O resultado é a pequenez que vivemos dentro do Direito do Trabalho.  Não há mais possibilidade para o diálogo, para pensamento divergente.  Os dois grandes grupos já estão formados: progressistas e conversadores (como inclusive já abordei nesta mesma coluna). Ser tachado num deles significa exclusão do outro. O resultado é que não existe mais liberdade de expressão, ressalvada a assunção de todas as consequências por se assumir uma posição.  E pouco importa tentar explicar que não se enquadra nem em um nem no outro, a lógica da guerra não faz concessões e precisa desumanizar o adversário, para justificar qualquer tipo de atuação a fim de vencê-lo.

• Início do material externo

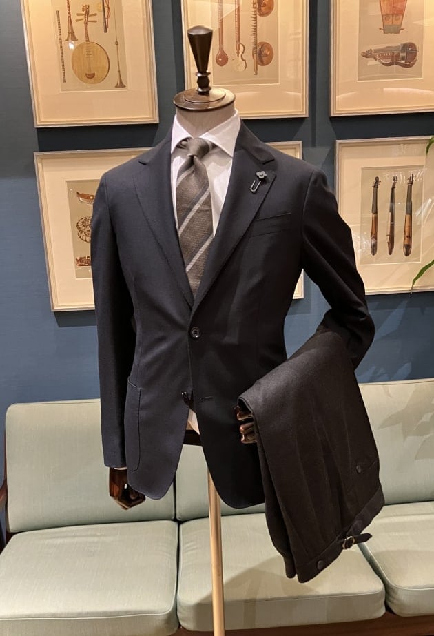 ウール素材を使用しておりますので秋冬シーズン限定になりますが、サキソニーやフランネル、ツイード素材のスーツやジャケットには相性抜群です。
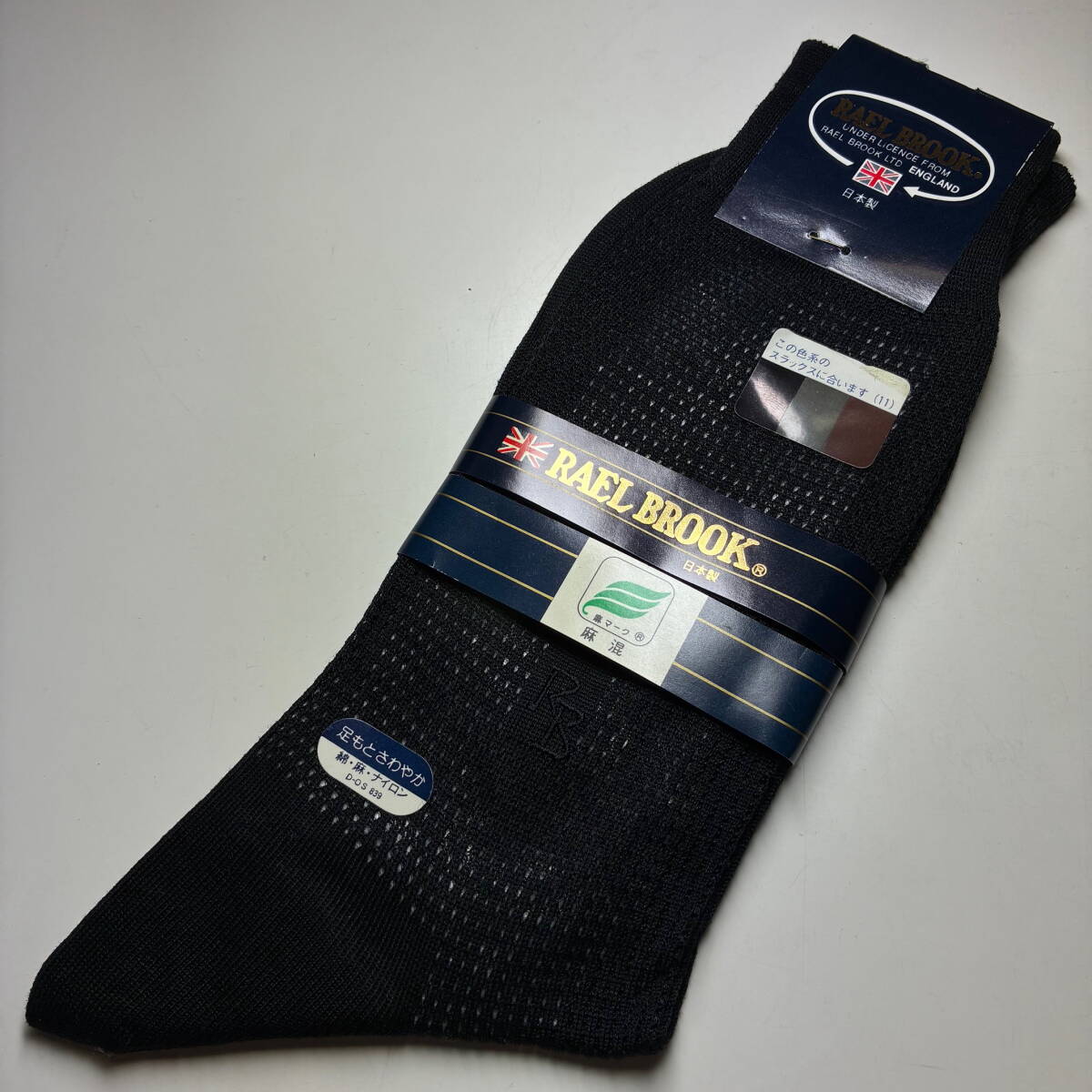 > ◆レトロ◆日本製 RAEL BROOK シースルー メンズ ビジネスソックス 網目状 麻混素材 25cm 黒/濃紺◆紳士靴下/ハイゲージ
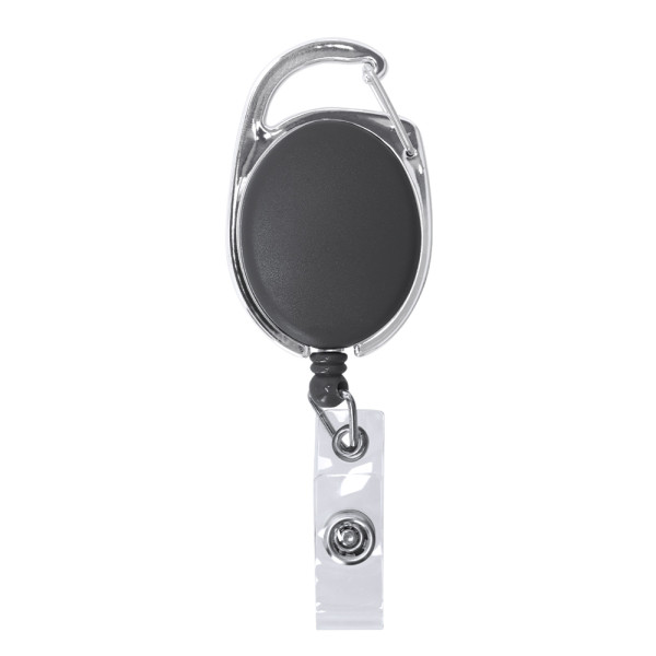 Verlengbare ID-houder in een sober design, met knoopsluiting accessoire voor ID en een uitschuifbaar mechanisme tot 75 cm lengte. Met metalen karabijnhaak en een breed afdrukgebied.
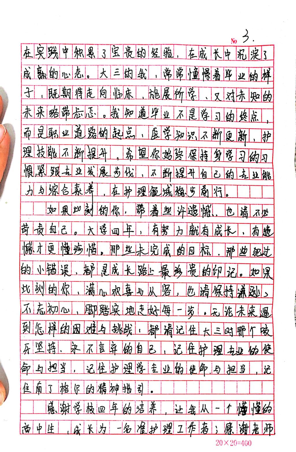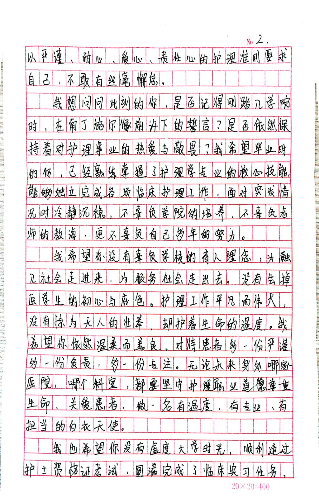 立足护理学专业核心素养,刘墨涵以“给未来的信”为载体,系统梳理了从专业选择到临床认知的成长脉络:她在信中回望初入护理学专业时的懵懂与憧憬,反思课堂知识与临床场景的衔接落差,也勾勒出未来成为一名兼具温度与专业度的护理人才的清晰画像。

Neste ponto, o leitor deve estar fazendo um juízo de valor sobre minha posição, que não pretendo defender nem enunciar, mas que espero seja tomada a partir das mais de duas décadas de atuação na Justiça do Trabalho (e não de duas laudas deste texto).  A bem da verdade, pouco importa como serei rotulado, desde que o alerta fique claro nestas linhas: há uma concertação para impedir o florescimento de uma nova Justiça do Trabalho e um novo Direito do Trabalho.

Não podemos sucumbir ao medo nem deflagrar um combate ao juiz que não é considerado progressista, humanista ou qualquer "ista" que seja.  Não podemos sucumbir a uma retórica que toca os corações e esquecer a realidade que nos assola: apenas 15% da população brasileira em geral está no modelo tradicional do Direito do Trabalho. Para 85% dos brasileiros a opção é um vazio protetivo.

Enquanto nós, intérpretes e aplicadores do Direito do Trabalho, perdemos energia e tempo com esta guerra entre o bem e o mal, as pessoas padecem, assim como o juiz "Hércules". Ainda temos a possibilidade de superar a dicotomia para construção de um sistema melhor para proteção social do trabalhador humano. É isso, ou esperar o Messias…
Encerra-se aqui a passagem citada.